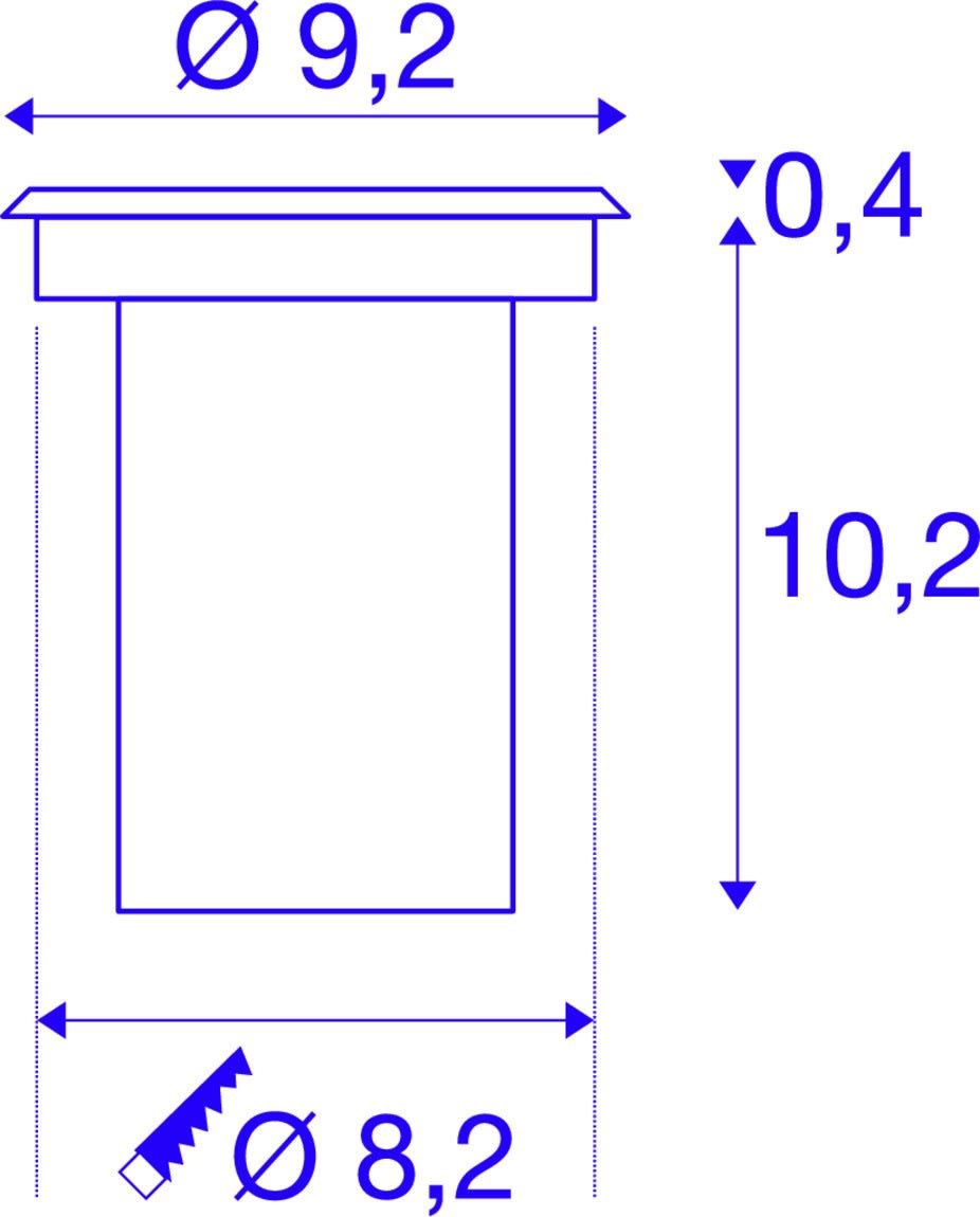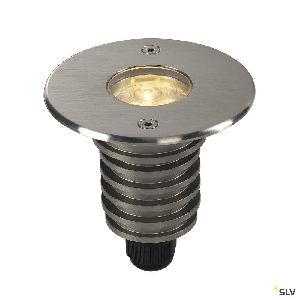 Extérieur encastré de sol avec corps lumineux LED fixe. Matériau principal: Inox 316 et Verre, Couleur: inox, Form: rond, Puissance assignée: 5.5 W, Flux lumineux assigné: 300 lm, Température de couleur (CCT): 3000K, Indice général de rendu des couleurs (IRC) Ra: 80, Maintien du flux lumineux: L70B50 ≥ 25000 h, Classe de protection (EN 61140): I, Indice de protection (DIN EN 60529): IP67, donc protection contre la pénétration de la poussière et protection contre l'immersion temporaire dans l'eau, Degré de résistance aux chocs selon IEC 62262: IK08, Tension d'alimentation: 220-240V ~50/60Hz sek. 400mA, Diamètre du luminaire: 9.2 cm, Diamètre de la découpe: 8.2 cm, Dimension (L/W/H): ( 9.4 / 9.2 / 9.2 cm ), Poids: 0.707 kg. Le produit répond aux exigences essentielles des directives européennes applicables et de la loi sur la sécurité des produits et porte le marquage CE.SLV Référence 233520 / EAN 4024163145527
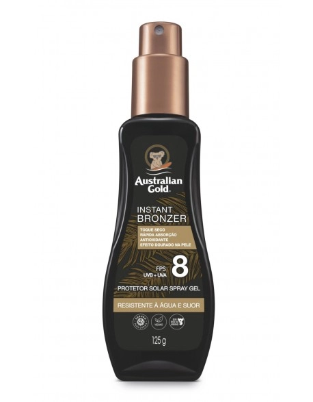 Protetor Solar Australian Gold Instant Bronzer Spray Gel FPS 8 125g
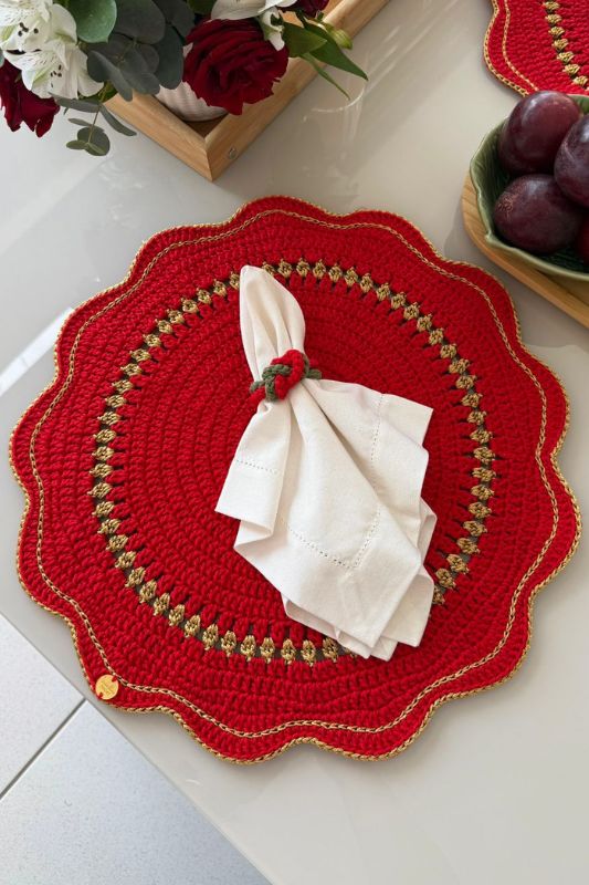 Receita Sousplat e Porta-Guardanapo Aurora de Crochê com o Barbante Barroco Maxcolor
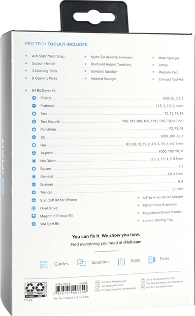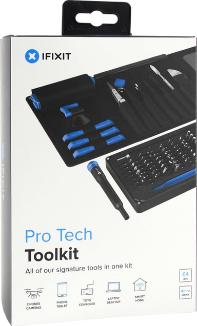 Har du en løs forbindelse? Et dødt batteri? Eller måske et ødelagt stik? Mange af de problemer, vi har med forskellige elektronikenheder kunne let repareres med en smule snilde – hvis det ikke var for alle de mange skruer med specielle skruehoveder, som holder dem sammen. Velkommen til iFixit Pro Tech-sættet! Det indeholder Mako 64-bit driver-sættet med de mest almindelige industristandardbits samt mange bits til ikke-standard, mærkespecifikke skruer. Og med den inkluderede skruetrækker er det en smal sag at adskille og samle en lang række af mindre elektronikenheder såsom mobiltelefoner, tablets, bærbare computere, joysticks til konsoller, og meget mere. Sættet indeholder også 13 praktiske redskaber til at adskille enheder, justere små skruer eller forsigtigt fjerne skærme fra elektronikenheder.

■ ■ ■ ■ ■

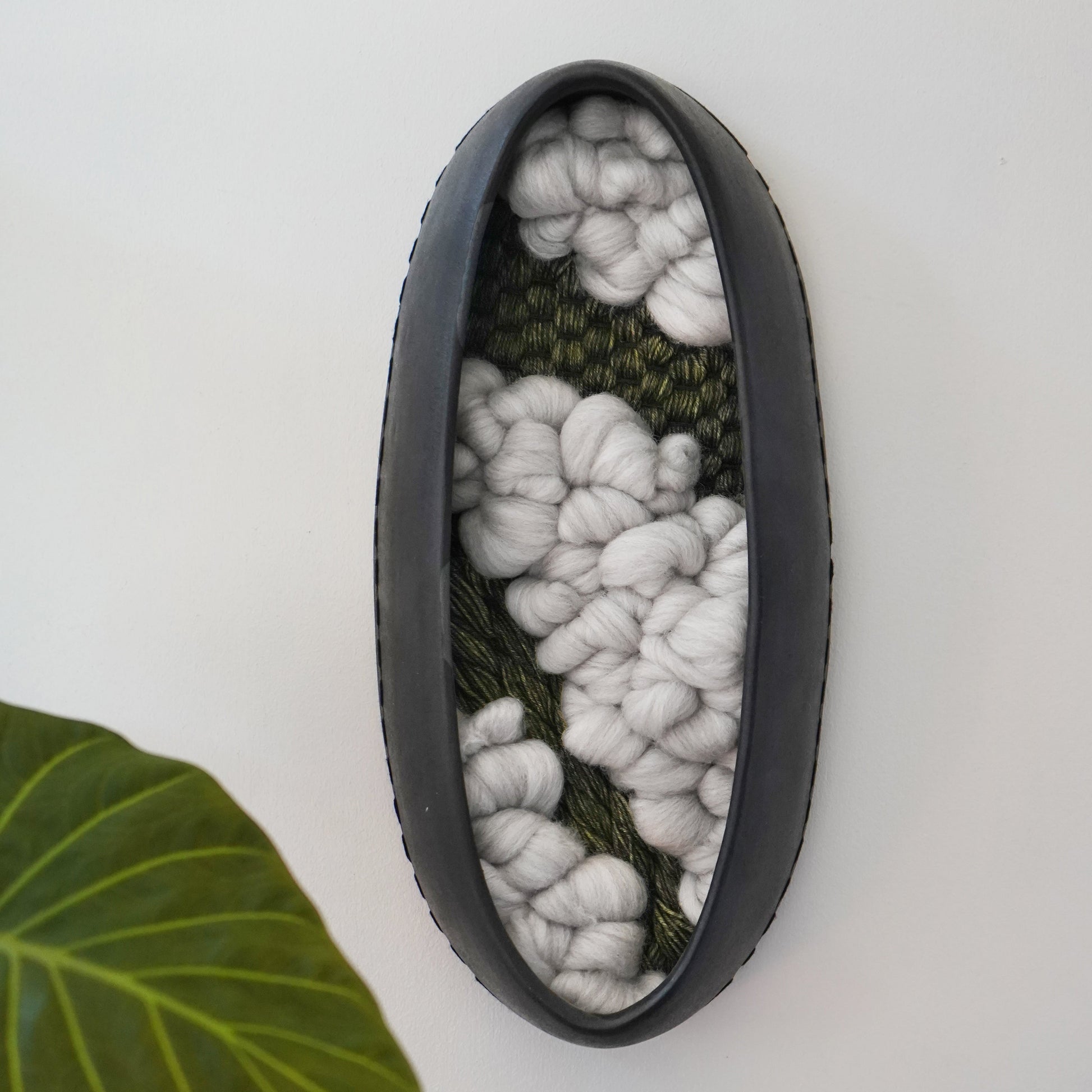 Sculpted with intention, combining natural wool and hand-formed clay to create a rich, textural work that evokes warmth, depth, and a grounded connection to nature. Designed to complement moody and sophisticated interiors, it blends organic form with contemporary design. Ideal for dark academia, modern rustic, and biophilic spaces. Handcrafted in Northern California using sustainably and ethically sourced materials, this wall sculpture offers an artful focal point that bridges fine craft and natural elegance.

■ ■ ■ ■ ■

• **ACTIVITY**:
Each line between the one holding "Extérieur encastré de" and the one holding "Har du en løs", inclusive, should be copied exactly as it appears above, and pictures should be omitted.

• **WRITTEN ANSWER**:
 Extérieur encastré de sol avec corps lumineux LED fixe. Matériau principal: Inox 316 et Verre, Couleur: inox, Form: rond, Puissance assignée: 5.5 W, Flux lumineux assigné: 300 lm, Température de couleur (CCT): 3000K, Indice général de rendu des couleurs (IRC) Ra: 80, Maintien du flux lumineux: L70B50 ≥ 25000 h, Classe de protection (EN 61140): I, Indice de protection (DIN EN 60529): IP67, donc protection contre la pénétration de la poussière et protection contre l'immersion temporaire dans l'eau, Degré de résistance aux chocs selon IEC 62262: IK08, Tension d'alimentation: 220-240V ~50/60Hz sek. 400mA, Diamètre du luminaire: 9.2 cm, Diamètre de la découpe: 8.2 cm, Dimension (L/W/H): ( 9.4 / 9.2 / 9.2 cm ), Poids: 0.707 kg. Le produit répond aux exigences essentielles des directives européennes applicables et de la loi sur la sécurité des produits et porte le marquage CE.SLV Référence 233520 / EAN 4024163145527
 Protetor Solar Australian Gold Instant Bronzer Spray Gel FPS 8 125g
 Receita Sousplat e Porta-Guardanapo Aurora de Crochê com o Barbante Barroco Maxcolor
 Har du en løs forbindelse? Et dødt batteri? Eller måske et ødelagt stik? Mange af de problemer, vi har med forskellige elektronikenheder kunne let repareres med en smule snilde – hvis det ikke var for alle de mange skruer med specielle skruehoveder, som holder dem sammen. Velkommen til iFixit Pro Tech-sættet! Det indeholder Mako 64-bit driver-sættet med de mest almindelige industristandardbits samt mange bits til ikke-standard, mærkespecifikke skruer. Og med den inkluderede skruetrækker er det en smal sag at adskille og samle en lang række af mindre elektronikenheder såsom mobiltelefoner, tablets, bærbare computere, joysticks til konsoller, og meget mere. Sættet indeholder også 13 praktiske redskaber til at adskille enheder, justere små skruer eller forsigtigt fjerne skærme fra elektronikenheder.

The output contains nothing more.